▶ _What the task requires_
In your copy, include every record exactly and no pictures.

▶ _Exercise inputs_
<<<<

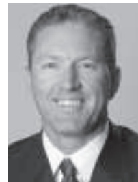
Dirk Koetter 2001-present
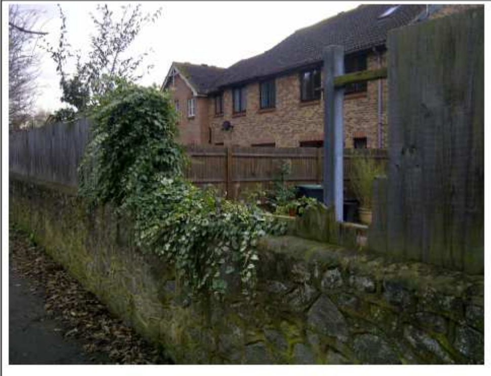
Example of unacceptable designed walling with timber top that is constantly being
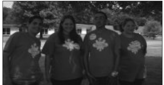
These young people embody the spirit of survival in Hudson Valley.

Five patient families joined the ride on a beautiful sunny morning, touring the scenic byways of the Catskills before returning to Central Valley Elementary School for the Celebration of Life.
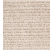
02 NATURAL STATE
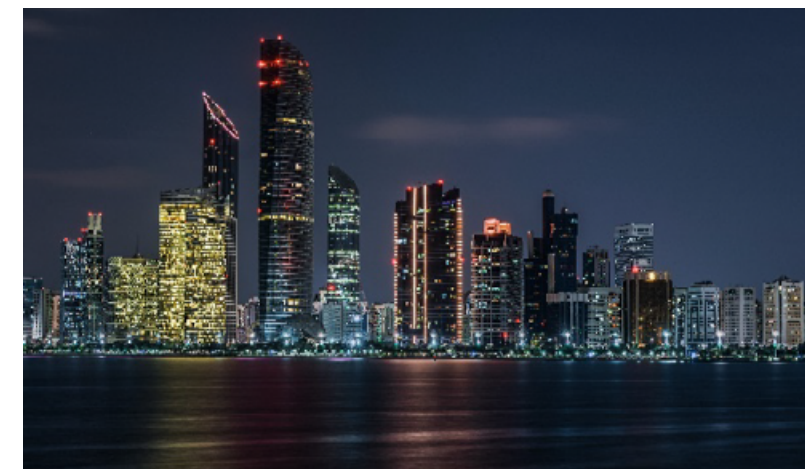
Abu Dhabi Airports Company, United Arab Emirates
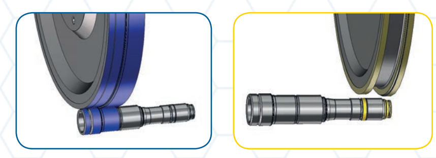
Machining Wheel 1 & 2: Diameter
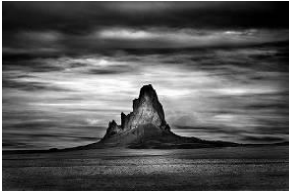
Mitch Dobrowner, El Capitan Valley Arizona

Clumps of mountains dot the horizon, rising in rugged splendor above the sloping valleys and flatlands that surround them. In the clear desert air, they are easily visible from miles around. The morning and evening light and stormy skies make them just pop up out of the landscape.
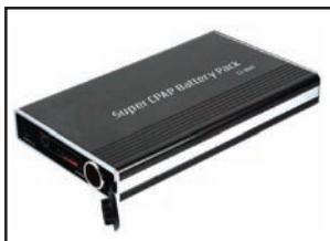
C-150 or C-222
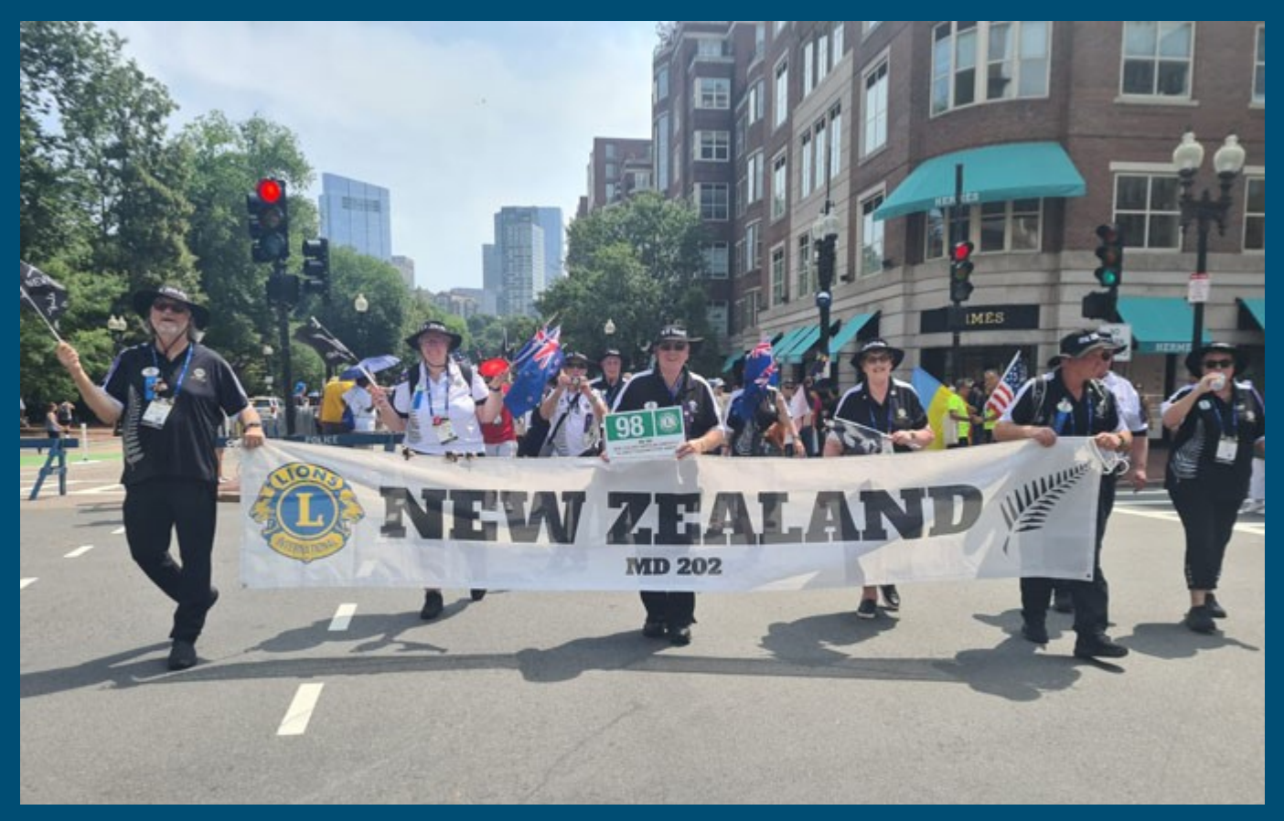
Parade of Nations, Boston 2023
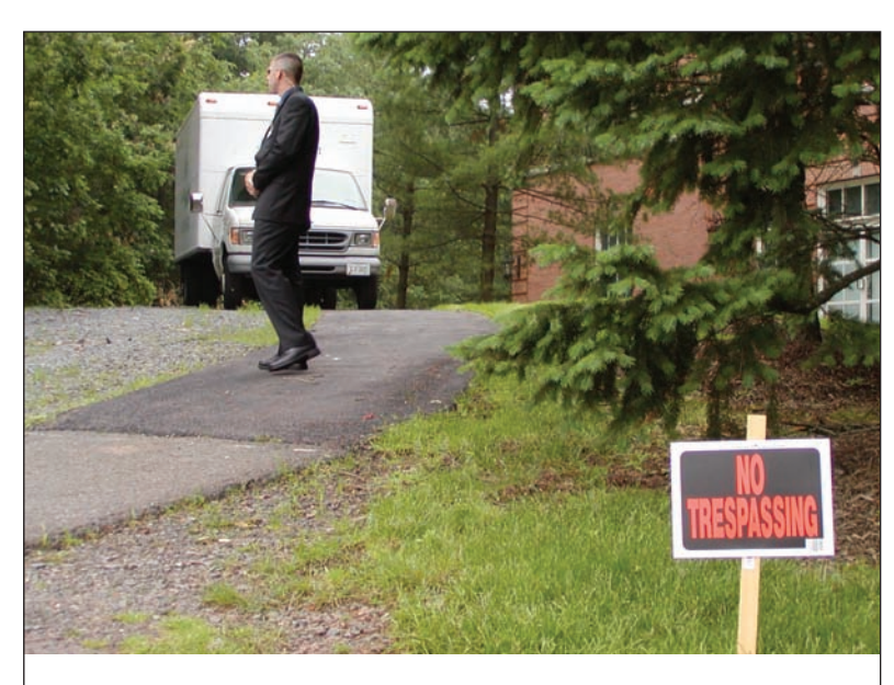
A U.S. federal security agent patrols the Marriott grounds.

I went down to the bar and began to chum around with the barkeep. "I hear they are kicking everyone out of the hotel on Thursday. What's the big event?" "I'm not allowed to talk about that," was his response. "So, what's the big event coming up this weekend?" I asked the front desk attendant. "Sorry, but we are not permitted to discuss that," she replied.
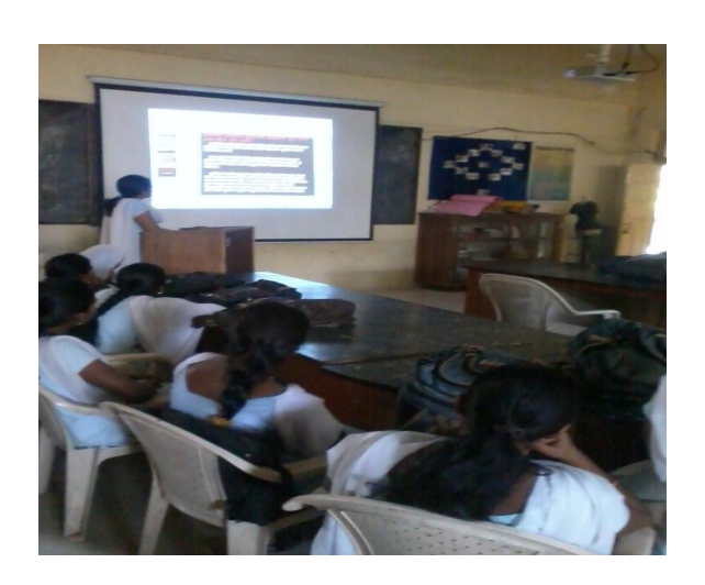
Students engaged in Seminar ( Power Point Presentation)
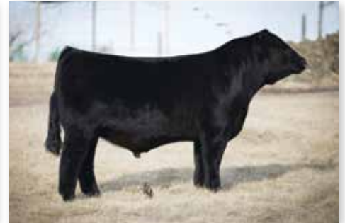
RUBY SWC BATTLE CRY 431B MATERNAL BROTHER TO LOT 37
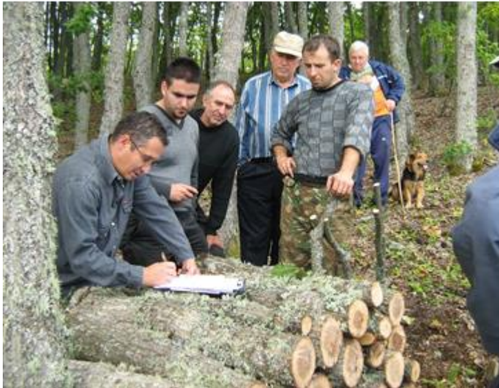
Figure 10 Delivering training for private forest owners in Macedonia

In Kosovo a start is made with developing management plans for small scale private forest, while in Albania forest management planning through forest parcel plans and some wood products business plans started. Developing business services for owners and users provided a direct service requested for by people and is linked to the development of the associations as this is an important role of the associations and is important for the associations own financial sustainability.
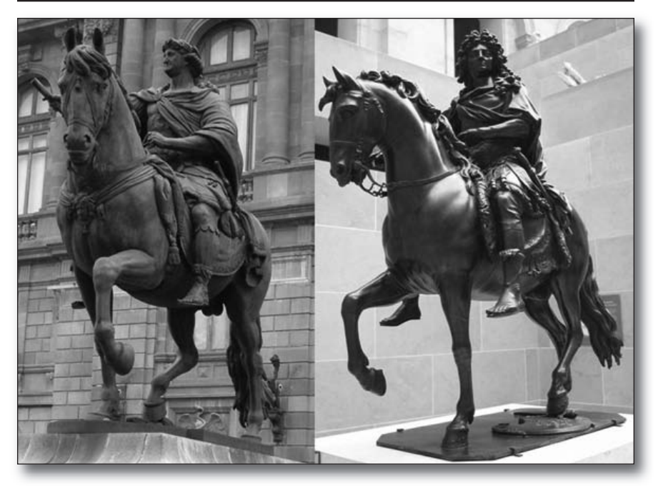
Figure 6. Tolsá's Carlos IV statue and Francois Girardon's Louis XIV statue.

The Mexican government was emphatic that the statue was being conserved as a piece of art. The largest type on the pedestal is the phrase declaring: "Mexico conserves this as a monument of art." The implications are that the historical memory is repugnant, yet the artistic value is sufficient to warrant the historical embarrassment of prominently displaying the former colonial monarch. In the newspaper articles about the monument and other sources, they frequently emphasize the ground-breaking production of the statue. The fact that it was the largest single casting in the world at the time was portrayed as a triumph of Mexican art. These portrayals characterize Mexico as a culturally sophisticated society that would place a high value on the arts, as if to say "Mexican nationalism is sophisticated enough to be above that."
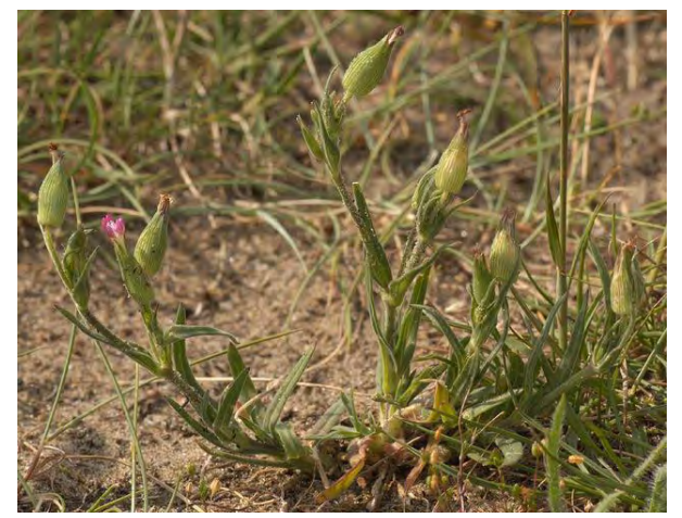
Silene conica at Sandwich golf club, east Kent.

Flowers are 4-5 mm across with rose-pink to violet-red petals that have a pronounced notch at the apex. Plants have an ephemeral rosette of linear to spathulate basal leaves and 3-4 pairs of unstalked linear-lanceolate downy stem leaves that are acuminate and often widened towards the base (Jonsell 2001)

>>>>

▶ _Answer for the task_
Dirk Koetter 2001-present
Example of unacceptable designed walling with timber top that is constantly being
These young people embody the spirit of survival in Hudson Valley.

Five patient families joined the ride on a beautiful sunny morning, touring the scenic byways of the Catskills before returning to Central Valley Elementary School for the Celebration of Life.
02 NATURAL STATE
Abu Dhabi Airports Company, United Arab Emirates
Machining Wheel 1 & 2: Diameter
Mitch Dobrowner, El Capitan Valley Arizona

Clumps of mountains dot the horizon, rising in rugged splendor above the sloping valleys and flatlands that surround them. In the clear desert air, they are easily visible from miles around. The morning and evening light and stormy skies make them just pop up out of the landscape.
C-150 or C-222
Parade of Nations, Boston 2023
A U.S. federal security agent patrols the Marriott grounds.

I went down to the bar and began to chum around with the barkeep. "I hear they are kicking everyone out of the hotel on Thursday. What's the big event?" "I'm not allowed to talk about that," was his response. "So, what's the big event coming up this weekend?" I asked the front desk attendant. "Sorry, but we are not permitted to discuss that," she replied.
Students engaged in Seminar ( Power Point Presentation)
RUBY SWC BATTLE CRY 431B MATERNAL BROTHER TO LOT 37
Figure 10 Delivering training for private forest owners in Macedonia

In Kosovo a start is made with developing management plans for small scale private forest, while in Albania forest management planning through forest parcel plans and some wood products business plans started. Developing business services for owners and users provided a direct service requested for by people and is linked to the development of the associations as this is an important role of the associations and is important for the associations own financial sustainability.
Figure 6. Tolsá's Carlos IV statue and Francois Girardon's Louis XIV statue.

The Mexican government was emphatic that the statue was being conserved as a piece of art. The largest type on the pedestal is the phrase declaring: "Mexico conserves this as a monument of art." The implications are that the historical memory is repugnant, yet the artistic value is sufficient to warrant the historical embarrassment of prominently displaying the former colonial monarch. In the newspaper articles about the monument and other sources, they frequently emphasize the ground-breaking production of the statue. The fact that it was the largest single casting in the world at the time was portrayed as a triumph of Mexican art. These portrayals characterize Mexico as a culturally sophisticated society that would place a high value on the arts, as if to say "Mexican nationalism is sophisticated enough to be above that."
Silene conica at Sandwich golf club, east Kent.

Flowers are 4-5 mm across with rose-pink to violet-red petals that have a pronounced notch at the apex. Plants have an ephemeral rosette of linear to spathulate basal leaves and 3-4 pairs of unstalked linear-lanceolate downy stem leaves that are acuminate and often widened towards the base (Jonsell 2001)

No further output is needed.